Catahoulas tend to be more high strung compared to blackmouth curs. I've had both and my current preference is the catahoula. On the negative side, you have to worry about colors when you breed catahoulas because you have to cull the pups that are born with excessive white because they can be blind or deaf or both. Simple...breed leopard to solid OR leopard to dark leopard. Here are some pictures of most of my dog and other friends' dogs.


----------



## Twobottom

Both breeds sound very interesting but hailing from the big north country I don't think they would fare well with those short coats.


----------



## Tango

Twobottom said:


> Both breeds sound very interesting but hailing from the big north country I don't think they would fare well with those short coats.

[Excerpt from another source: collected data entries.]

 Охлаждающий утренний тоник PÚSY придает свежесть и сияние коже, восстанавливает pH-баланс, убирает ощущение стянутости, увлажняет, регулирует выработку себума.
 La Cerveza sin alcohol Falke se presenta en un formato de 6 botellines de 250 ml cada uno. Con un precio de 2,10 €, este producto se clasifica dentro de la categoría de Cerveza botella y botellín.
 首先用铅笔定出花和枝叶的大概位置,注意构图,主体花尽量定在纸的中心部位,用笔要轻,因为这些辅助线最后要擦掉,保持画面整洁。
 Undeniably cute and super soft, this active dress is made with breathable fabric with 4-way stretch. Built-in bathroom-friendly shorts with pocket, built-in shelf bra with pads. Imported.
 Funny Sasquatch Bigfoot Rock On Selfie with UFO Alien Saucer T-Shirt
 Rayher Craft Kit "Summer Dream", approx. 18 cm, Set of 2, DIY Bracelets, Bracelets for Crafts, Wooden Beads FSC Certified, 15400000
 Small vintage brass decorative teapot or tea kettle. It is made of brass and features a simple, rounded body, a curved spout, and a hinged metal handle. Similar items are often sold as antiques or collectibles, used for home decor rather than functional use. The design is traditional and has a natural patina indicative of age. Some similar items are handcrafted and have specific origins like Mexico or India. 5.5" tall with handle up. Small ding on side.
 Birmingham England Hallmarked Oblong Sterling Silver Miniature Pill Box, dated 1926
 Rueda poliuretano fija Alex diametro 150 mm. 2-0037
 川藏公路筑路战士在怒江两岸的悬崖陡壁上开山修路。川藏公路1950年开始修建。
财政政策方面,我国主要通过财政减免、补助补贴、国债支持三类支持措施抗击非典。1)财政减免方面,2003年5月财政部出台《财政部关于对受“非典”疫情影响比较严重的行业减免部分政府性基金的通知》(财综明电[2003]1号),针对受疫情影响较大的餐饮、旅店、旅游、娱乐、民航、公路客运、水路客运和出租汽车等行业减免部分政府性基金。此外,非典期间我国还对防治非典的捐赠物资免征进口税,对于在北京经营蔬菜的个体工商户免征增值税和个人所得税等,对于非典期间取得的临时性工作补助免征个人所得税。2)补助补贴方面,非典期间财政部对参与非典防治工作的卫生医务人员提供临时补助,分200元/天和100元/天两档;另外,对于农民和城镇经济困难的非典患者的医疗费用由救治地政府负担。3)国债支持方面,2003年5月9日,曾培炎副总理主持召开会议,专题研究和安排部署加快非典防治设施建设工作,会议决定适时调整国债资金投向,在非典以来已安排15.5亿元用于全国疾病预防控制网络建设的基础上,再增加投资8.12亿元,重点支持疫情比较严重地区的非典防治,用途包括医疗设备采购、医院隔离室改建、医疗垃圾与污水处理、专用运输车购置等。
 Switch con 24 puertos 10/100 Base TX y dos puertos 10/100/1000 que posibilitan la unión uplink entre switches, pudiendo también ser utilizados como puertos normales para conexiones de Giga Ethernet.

I don't know about being in the extreme weather full time but they are pretty high energy, burning lots of fuel for a day full of working but I dunno about the north country. A Tennessee winter is hardly extreme but my houligans have hardly noticed - they sleep indoors. Both the Black mouth Cur and the Catahoula would be good herd helpers, driving and maybe keeping together - they're fast thinkers, very intelligent and agile. And they would be great property protection in pairs -not alone against coyotes - but they would not be good herd protection, living with the herd, even in the South, imo. They have too much prey drive for small livestock, again just imo. Others experience may be different.


----------



## TedH71

My dog came from a breeder who lives in a very rural area in Colorado that gets tons of snow every year. Her dogs do just fine. They tend to run a lot so they don't exactly stay and shiver.


----------